Publié dans Réseau JAMA ouvert, une équipe collaborative de chercheurs de la faculté de médecine de l'Université du Minnesota, de l'Université de Stanford, du centre médical Beth Israel Deaconess et de l'Université de Virginie a étudié dans quelle mesure les médecins utilisaient GPT-4 – ; un grand système de modèle de langage d'intelligence artificielle (IA) – ; pour diagnostiquer les patients.
L'étude a été menée auprès de 50 médecins américains agréés en médecine familiale, médecine interne et médecine d'urgence. L'équipe de recherche a constaté que la disponibilité du GPT-4 pour les médecins comme aide au diagnostic n'améliorait pas de manière significative le raisonnement clinique par rapport aux ressources conventionnelles. Parmi les autres conclusions clés figurent :
- GPT-4 à lui seul a démontré des scores significativement meilleurs en termes de performances diagnostiques, surpassant les performances des cliniciens utilisant les ressources de diagnostic en ligne conventionnelles et des cliniciens assistés par GPT-4.
- Il n’y a eu aucune amélioration significative des performances diagnostiques avec l’ajout de GPT-4 lors de l’évaluation des cliniciens utilisant GPT-4 par rapport aux cliniciens utilisant des ressources de diagnostic conventionnelles.
« Le domaine de l'IA se développe rapidement et a un impact sur nos vies, à l'intérieur comme à l'extérieur de la médecine. Il est important que nous étudiions ces outils et comprenions comment nous les utilisons au mieux pour améliorer les soins que nous prodiguons ainsi que l'expérience de leur prestation », a déclaré Andrew Olson, MD, professeur à la faculté de médecine de l'Université du Manitoba et hospitaliste chez M Health Fairview.
Cette étude suggère qu'il existe des opportunités d'amélioration supplémentaire dans la collaboration médecin-IA dans la pratique clinique.

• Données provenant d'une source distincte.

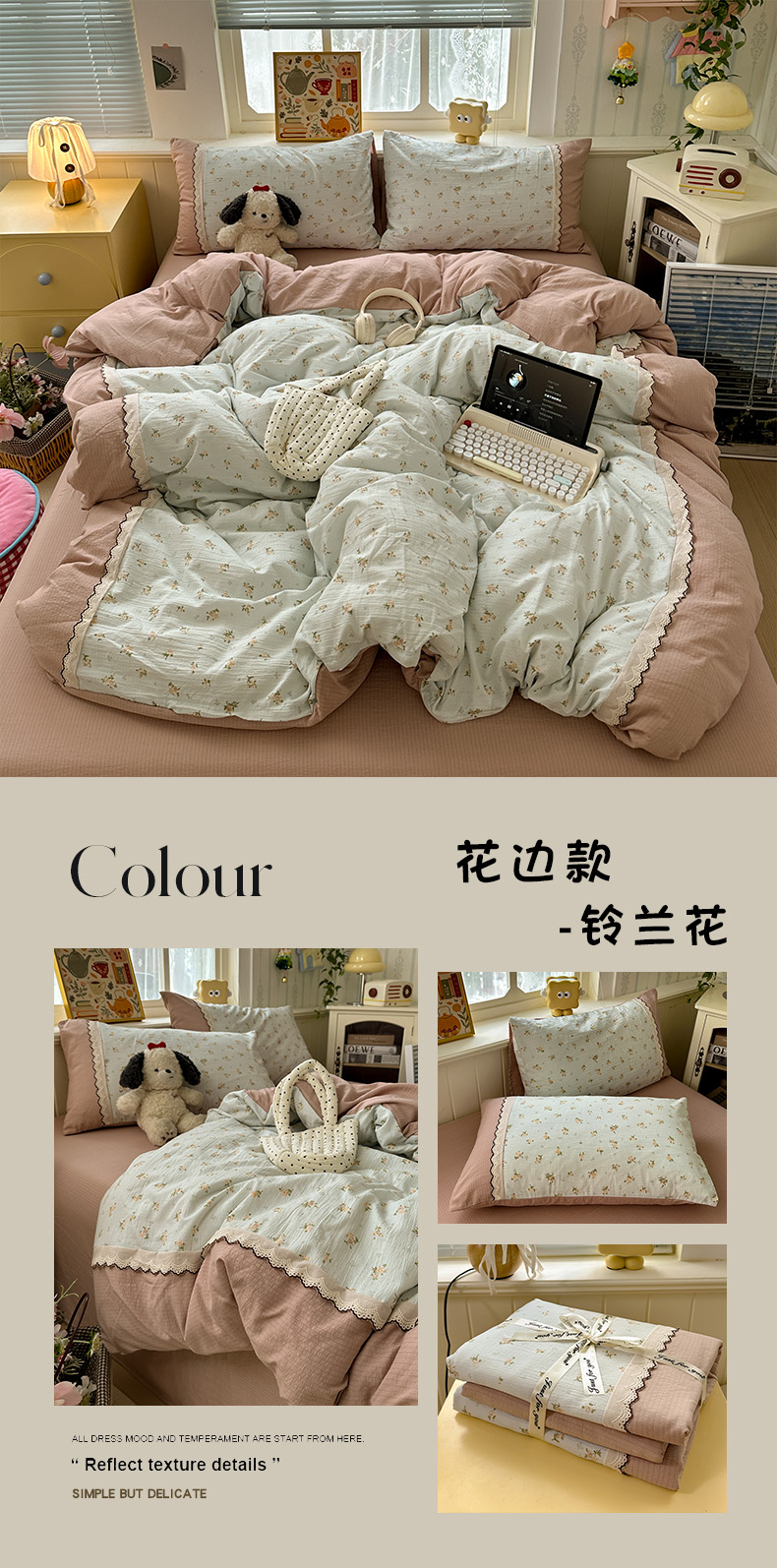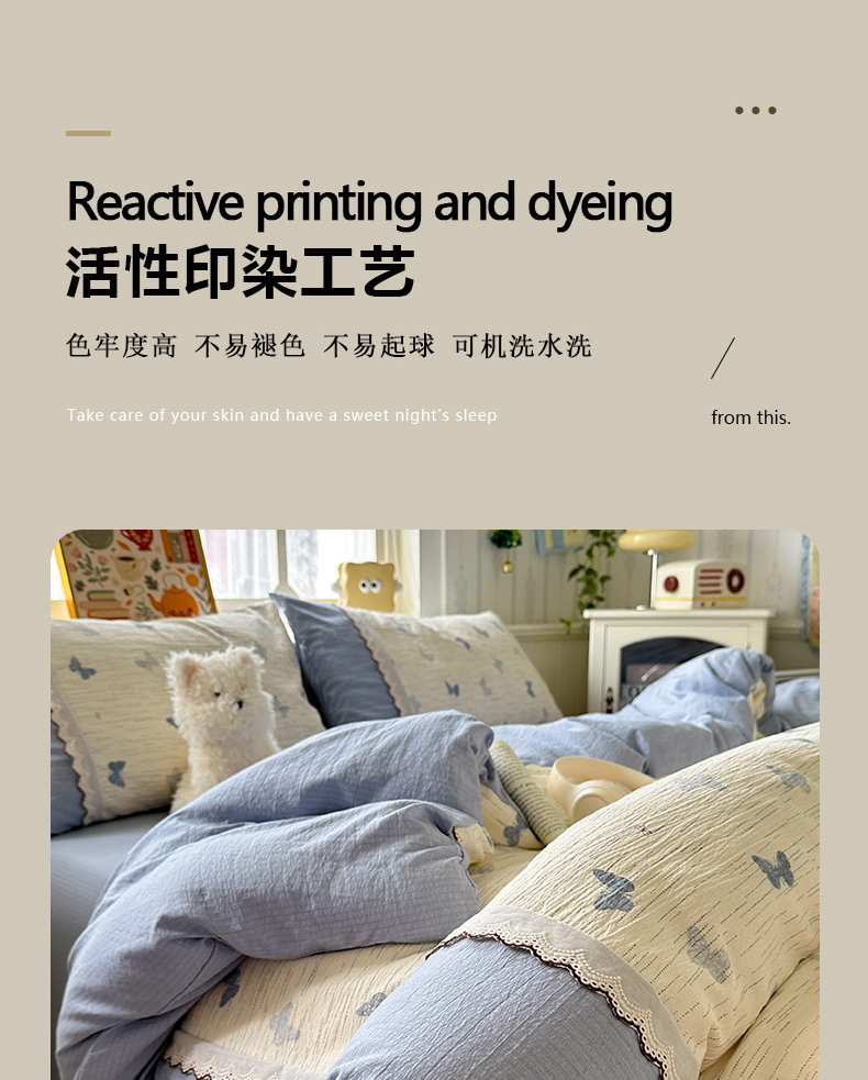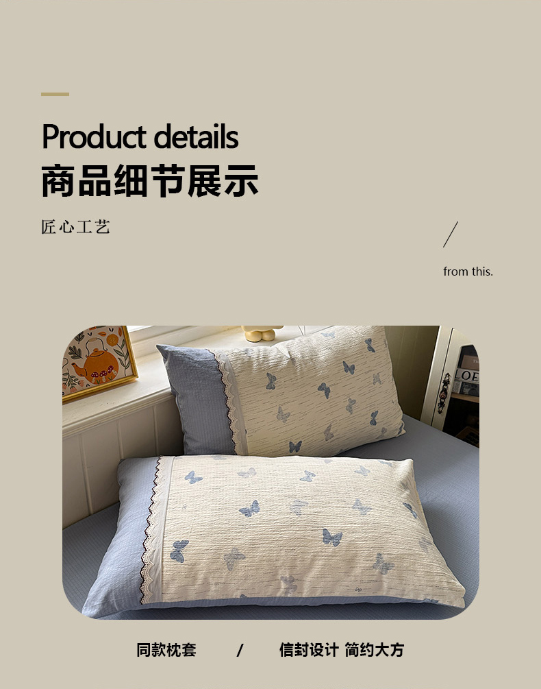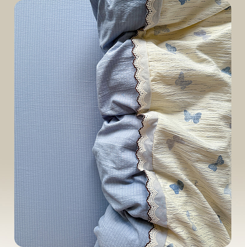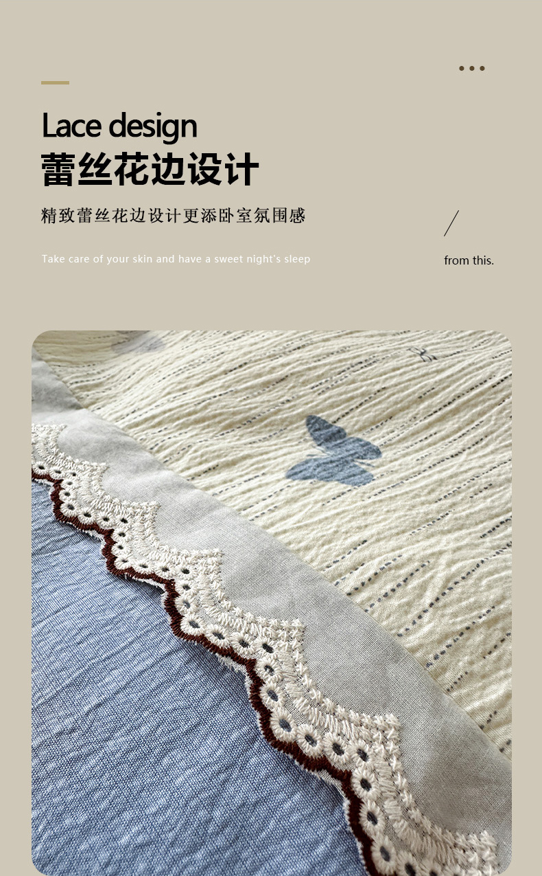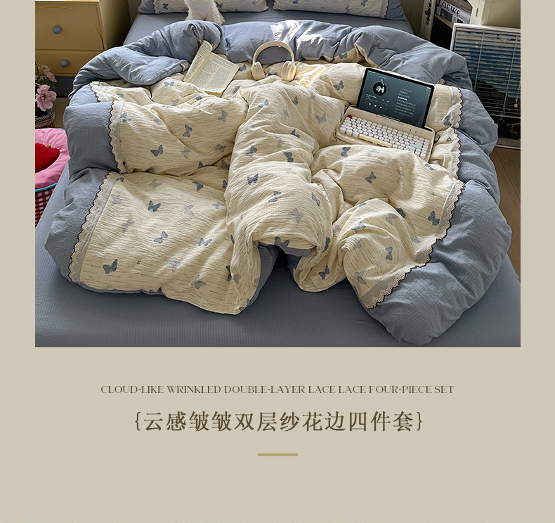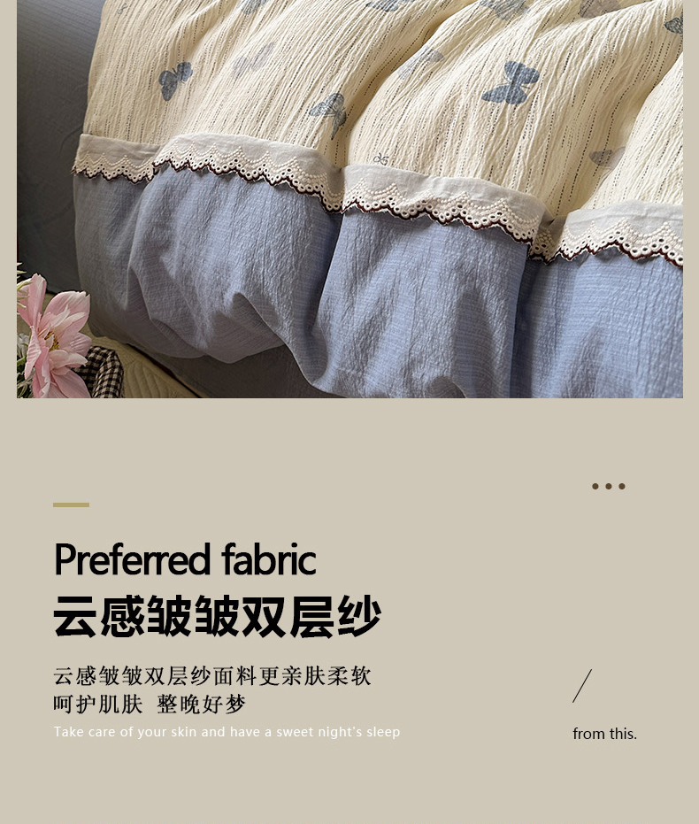 当前位置: 91家纺网 > 商品网购 > 床品套件 > 四件套 > 全棉普通四件套 > 水墨江南 2025新款云感皱皱纱全棉花边四件套场景一 花边款-蝶舞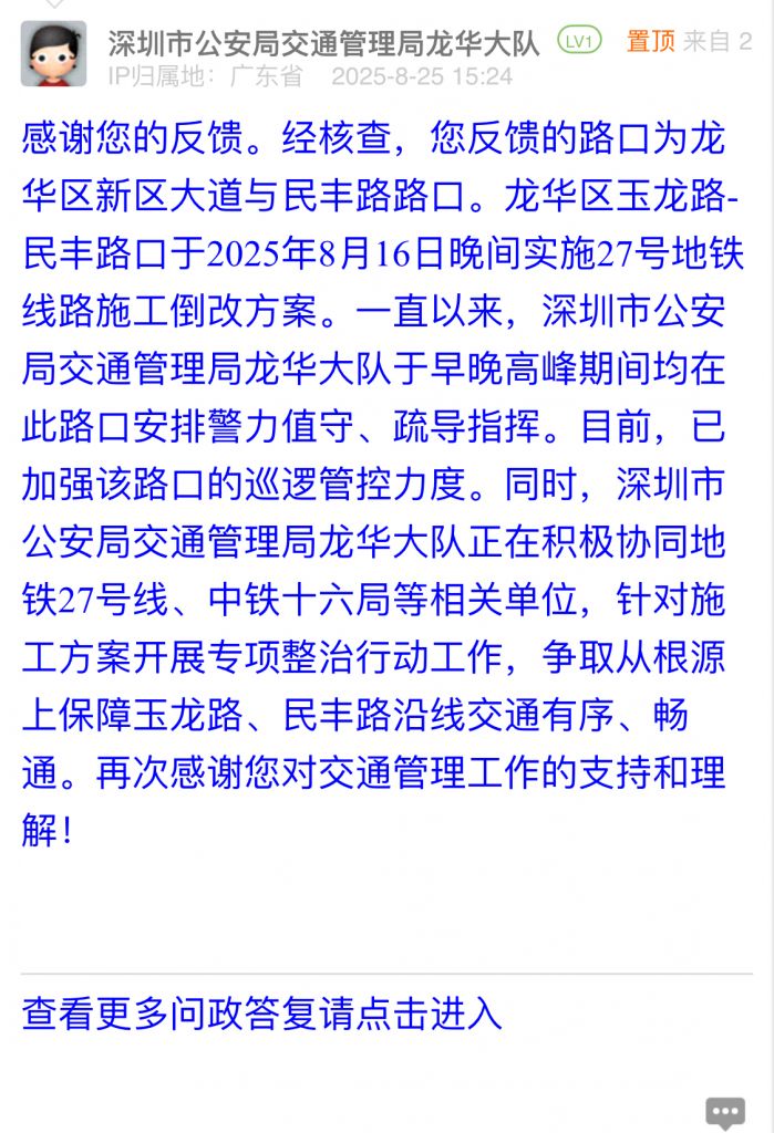 感謝您的反饋。經(jīng)核查,您反饋的路口為龍華區(qū)新區(qū)大道與民豐路路口。龍華區(qū)玉龍路-民豐路口于2025年8月16日晚間實(shí)施27號地鐵線路施工倒改方案。一直以來,深圳市公安局交通管理局龍華大隊(duì)于早晚高峰期間均在此路口安排警力值守、疏導(dǎo)指揮。目前,已加強(qiáng)該路口的巡邏管控力度。同時(shí),深圳市公安局交通管理局龍華大隊(duì)正在積極協(xié)同地鐵27號線、中鐵十六局等相關(guān)單位,針對施工方案開展專項(xiàng)整治行動(dòng)工作,爭取從根源上保障玉龍路、民豐路沿線交通有序、暢通。再次感謝您對交通管理工作的支持和理解!

Andrew Olson, MD, professeur, faculté de médecine de l'Université du Minnesota
Ces résultats soulignent la complexité de l’intégration de l’IA dans la pratique clinique. Même si le GPT-4 seul a montré des résultats prometteurs, l’intégration du GPT-4 comme aide au diagnostic aux côtés des cliniciens n’a pas surpassé de manière significative l’utilisation des ressources de diagnostic conventionnelles. Cela suggère un potentiel nuancé pour l’IA dans le domaine des soins de santé, soulignant l’importance d’une exploration plus approfondie de la manière dont l’IA peut soutenir au mieux la pratique clinique. De plus, d’autres études sont nécessaires pour comprendre comment les cliniciens doivent être formés à l’utilisation de ces outils.
Les quatre institutions collaboratrices ont lancé un réseau bi-côtier d'évaluation de l'IA – ; connu sous le nom de ARiSE – ; pour évaluer davantage les résultats de GenAI dans le domaine de la santé.
Le financement de cette recherche a été assuré par la Fondation Gordon et Betty Moore.